Второй пианист играл менее эффектно, то есть «поспокойнее». А скрипку и виолончель Черчилль вообще терпеть не мог. Он пытался было заговорить о чем-то с Трумэном, но тот замахал руками так, точно его кощунственно оторвали в церкви от молитвы.
Когда рыженький кончил играть, бросив перед тем несколько раз свои пальцы на клавиатуру – то с нежностью пушинки, то с силой парового молота, – и встал, раскланиваясь, произошло нечто совершенно невообразимое. Сталин тоже встал со своего кресла и, ни на кого не обращая внимания, направился к пианисту, обнял его, прижал к груди, кажется, даже поцеловал. Затем выпрямился, сказал несколько слов находившемуся неподалеку Громыко и отошел, уступая место другим гостям, желавшим пожать руку музыканту.
Совсем рядом с Громыко Черчилль заметил своего переводчика Бирса. Перехватив устремленный на него взгляд шефа, Бирс тотчас поспешил к нему.
Подождав, пока переводчик приблизится вплотную, Черчилль тихо спросил его:
– Что такое сказал Сталин Громыко? Ну, сразу после того, как пианист кончил играть? Может быть, вам удалось расслышать?
– Моя обязанность слышать все сказанное вами или Сталиным, сэр… Если это в пределах возможностей, конечно.
– Так что же? – нетерпеливо, однако не повышая голоса, переспросил Черчилль.
– Он сказал, сэр, что музыка – это великая сила. Что она способна изгонять из человека зверя. Я полагаю, сэр, что Сталин имел в виду очищение людей от всякой скверны.

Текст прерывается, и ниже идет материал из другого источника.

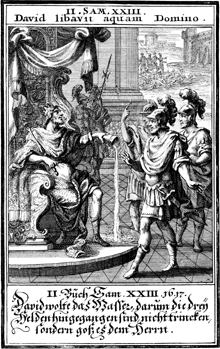 Description: David pours out the water that three of his soldiers drew from the well near the gate of Bethlehem.
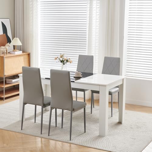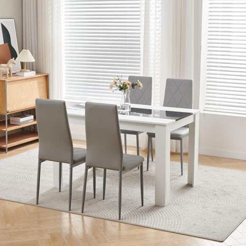 Menaka Modern Small Wood Dining Room Table and Chairs Set of 4 for Small Space, 5pcs 120cm Kitchen Table with 4 Seats Chairs Set (white leather line chairs, 120cm grey table, 4 chairs)
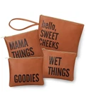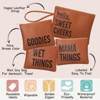Durable Material, Easy to Wipe-clean: This diaper bag organizer is made of durable, wipe-clean vegan leather and waterproof nylon. Sturdy straps, nice color, soft and comfortable. Hand wash only. The spills could be wiped off easily with wet towel Fits in most bags: Dimensions of the biggest one:10.8(L)*8.5(W), Same size of other pouchs: 9(L) *7.5(W). Weight: 0.85LB. 4 piece diaper bag organizing pouches set with 2 different sizes. The biggest one able to fit about 4 to 6 cloth diapers Sturdy Wristlet, Readable Labels: Stitched sturdy vegan leather wristlet, long strap for baby diaper change. This diaper clutch has embossed leather labels that keep you organized and accentuate the whole look, make locating things a matter of seconds Easy Organization, Practical: This diaper bag insert is a combination of aesthetics and functionality, embossed artwork, back brand logo. Separate storage pockets, keeping your baby essentials and mom things well organized in your bag or luggage Diaper Bag Accessories: Not only as a diaper bag organization for baby care, also as the packing travel organizer, luggage packing cube organizers even your babies grow up. Ideal for every type of outing, from running, shopping, hiking to long-distance trips Product Description Keep Organized and Tidy with Mominside Diaper Bag Organizing Pouches for Babies & Toddles 4 piece baby bag organizer pouches set with 2 different sizes, fit most of size Baby diaper bags Durable waterproof Material --Soft and comfortable, brown and dark brown color. Easy to Wipe-clean--Wipeable, hand wash only, the spills could be wiped off easily with wet towel. Readable Labels --quickly find what you need with unique labels on the diaper bag organizer,dads even can do. Long stitched Leather Wristlet --Longer than other diaper clutch, s turdy enough for using a long time. Durable and Versatile Design: Sturdy long wrist strap, Easy to take out and change diapers in a breeze. Waterproof Material, wipeable outer layer, easy to clean. The smooth golden zippers can open the pouches easily. Unique embossed vegan leather labels help you find what you need quickly and keep the color more longer. Minimalist, stylish design: Mominside diaper bag insert is a combination of aesthetics and functionality, Minimalist design, embossed label, back brand logo. Ultra-spacious, Compact and Lightweight: Lots of space-efficient pockets, you can separate and organize baby’s essentials and mama stuff. You don’t need to search frantically in the bottom of your diaper bag, making it easy to organized and grabbing what you exactly want from your diaper bag. Material: -- Outer: durable, wipe-clean vegan leather -- Inner: waterproof nylon Dimensions: -- hello, Sweet Cheeks: 10.8(L)*8.5(W). -- Goodies, Wet Things, Mama Things (Same size) : 9(L) * 7.5(W). -- Wrist Strap: 18.2 inches. -- Weight: 0.85LB. The Perfect Diaper Bag Organization Choice for Mom-On the Go It can be used in any occasions, such as travel and work, every type of outing, from running, shopping, hiking to long-distance trips. It's the perfect choice for baby registry search, baby gift, Mother's Day gift, Women's Day gift, Christmas day and Thanksgiving. Not only as a diaper bag organization for baby care, also as the packing travel organizer, luggage packing organizers even your babies grow up. hello,SWEET CHEEKS This is suitable for carrying your baby stuff and plenty of space for baby diapers, wipe and lotion, changing the diaper everywhere you want with diaper pouch. MAMA THINGS It’s the right size for your phone, cosmetics and sunglasses to keep all your things in for quick and easy access. GOODIES The diaper bag pouches perfect for holding your little one snacks and food to relive hunger when you are going out. WET THINGS To pack extra washcloth and swimming suits in and store dirty/wet clothes, towel to keep diaper bag backpack neat and sanitary.
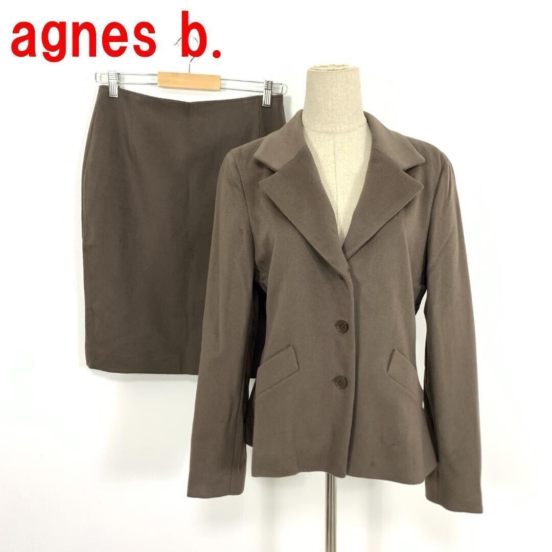 - A4908 アニエスベー スカートスーツセットagnes b. ブラウン テーラードジャケット ひざ丈 タイトスカート ウール 裏地あり 茶色 2
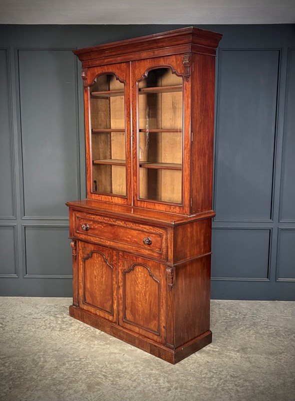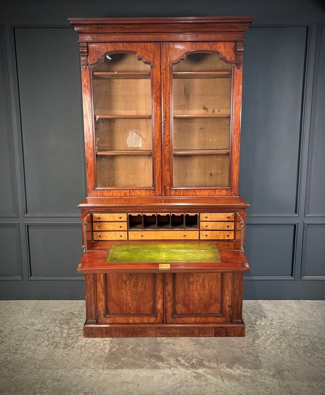 A handsome Victorian mahogany secretaire bookcase in very good condition, presented in two sections for ease of transport.
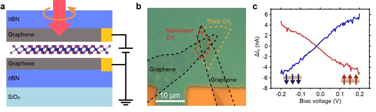 a.旋光性探测器结构示意图;b. 单层CrI3旋光性探测器光学照片;c. 不同磁化状态的单层CrI3在左旋、右旋圆偏振光照下的光电流之差,其中红色和蓝色分别表示向上和向下磁化的CrI3
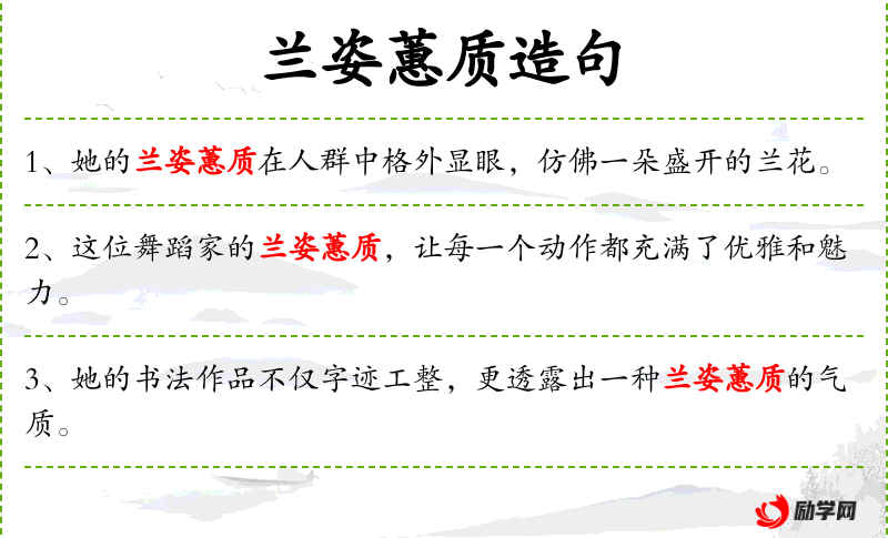 - 同义词:“兰姿蕙质”可替换为“高雅气质”、“纯洁美丽”等。
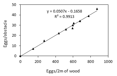 In order to characterize the distribution of eggs on wood, Taylor's law is used.6 This law relates the variance (s2) to the mean density of eggs (m) according to the following relation: s^2=〖am〗^b, a and b are intercept and regression slope, respectively. Both parameters were expressed under a logarithmic scale log(s^2)=log(a)+blog(m).7 Slope provides information about the distribution: when b=1, the species is distributed randomly, when b>1, the distribution is aggregative and regular when b<1.To establish such a relationship and calculate the b value, the mean density and variance of each row were calculated (and transformed into log) and a Student test was applied using software R.
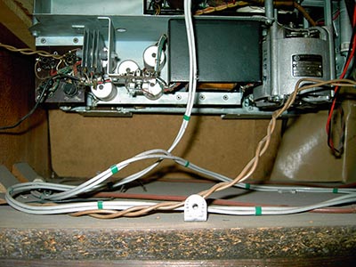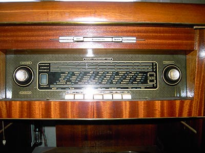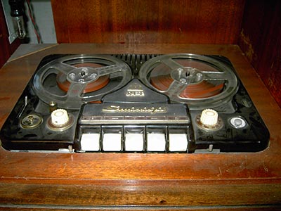Der Fernseh-Musikschrank ist ausgerüstet mit einem s/w-Fernseher "Iris 17 B", einem Radio "Stassfurt 8 E 156-I" und dem Tonbandgerät "BG 20/5 Smaragd" welches durch eine Schrankbeleuchtung besser zu bedienen ist. Das Tonbandgerät hat keine eigene Endstufe. Es ist an den Tonabnehmeranschluss des Radios angeschlossen, sowohl für Aufnahme- als auch für Wiedergabezwecke.
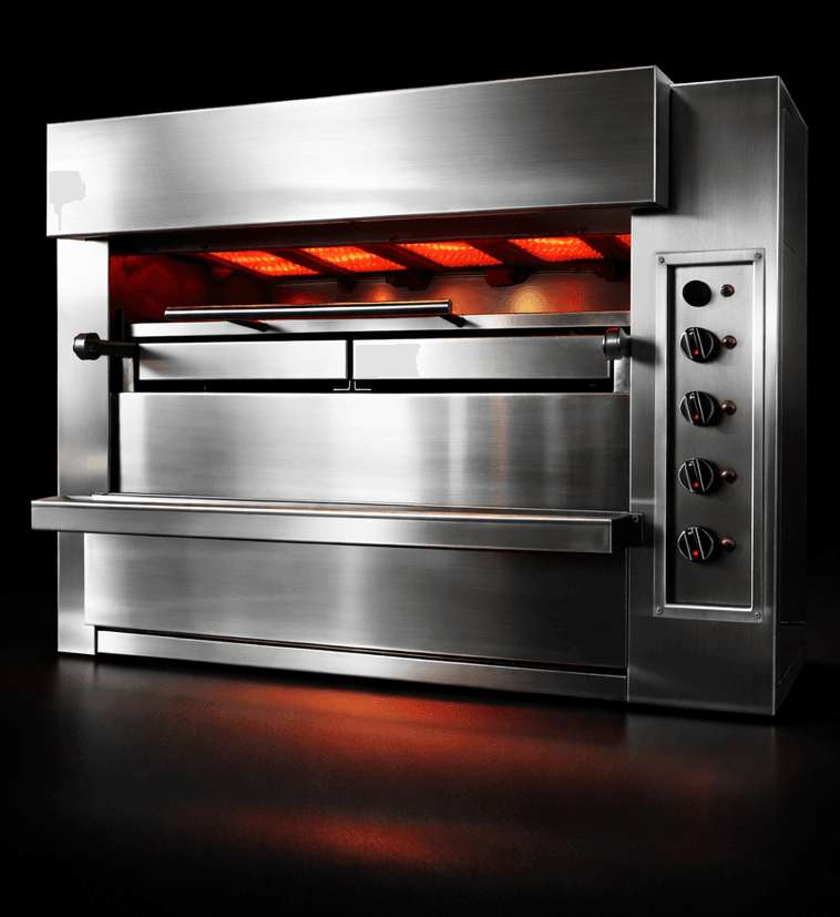 המתקן פועל בטכנולוגיית חום עליון (אינפרא אדום), ללא מקור חום תחתון – כך מתקבלת צלייה מדויקת, אחידה ונקייה, בלי להבות, בלי עשן מיותר ובלי הפתעות באמצע השירות.
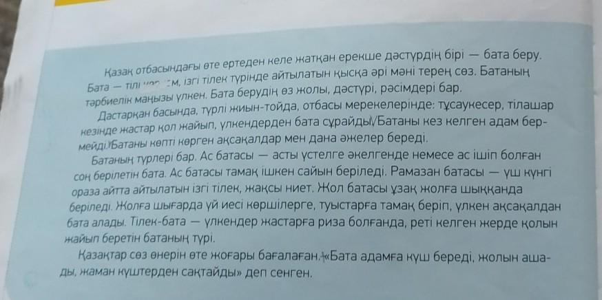 ЖАзылым -тапсырма. 5 Мәтіннің мазмұны бойынша төмендегі тақырыптарды ретімен орналастырып, жоспар құр.
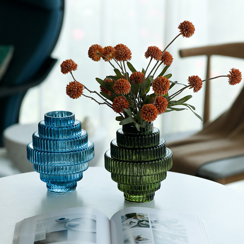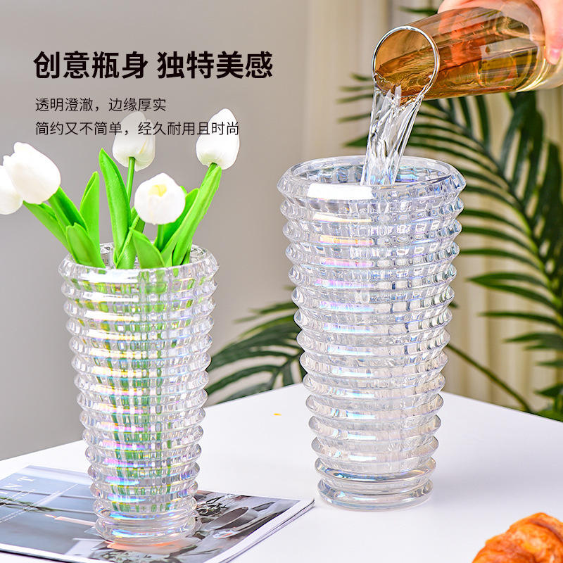 柔らかい装飾ガラス装飾品リビングルーム玄関花瓶モダンシンプルな縦パターンフラワーアレンジメント水塔形状ライト高級モデル
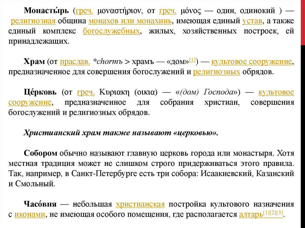 Монасты́рь (греч. μοναστήριον, от греч. μόνος — один, одинокий ) —религиозная община монахов или монахинь, имеющая единый устав, а также
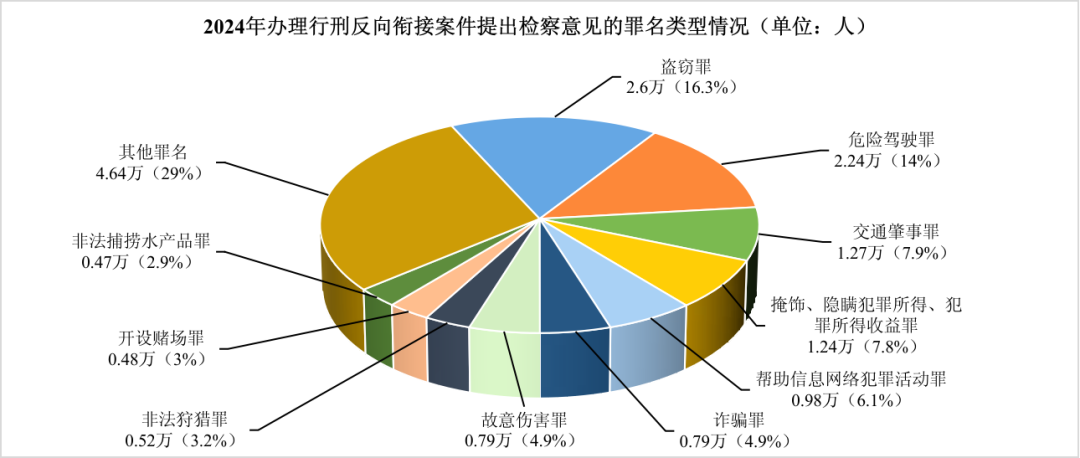 5. 行刑反向衔接案件涉及罪名相对集中。2024年,全国检察机关共对被不起诉人提出行政处罚的检察意见16.02万人,提出检察意见较多的罪名有:盗窃罪2.6万人,危险驾驶罪2.24万人,交通肇事罪1.27万人,掩饰、隐瞒犯罪所得、犯罪所得收益罪1.24万人,帮助信息网络犯罪活动罪0.98万人,诈骗罪0.79万人,故意伤害罪0.79万人,非法狩猎罪0.52万人,开设赌场罪0.48万人,非法捕捞水产品罪0.47万人,合计占比71%。

Будто бы музыка обладает такой способностью.
Черчилль пожал плечами и презрительно фыркнул.
«Как странно, – подумал он, – что человек, которого принято считать железным, способен на этакие сентиментальные сентенции. Можно, разумеется, произнести нечто подобное на собрании меломанов, чтобы польстить им, а здесь-то зачем? Я бы на его месте не стал говорить собственному послу ничего подобного».
Вспомнив об этом теперь, Черчилль позлорадствовал: «Поглядим, каков ты будешь завтра, после „подарка“, уготованного тебе судьбой». И вдруг поймал себя на мысли: «А все-таки предпочтительнее иметь главным союзником такого человека, как Сталин, чем самоуверенного, по-торгашески делового и проворного выскочку, с которым только что состоялась беседа на Кайзерштрассе».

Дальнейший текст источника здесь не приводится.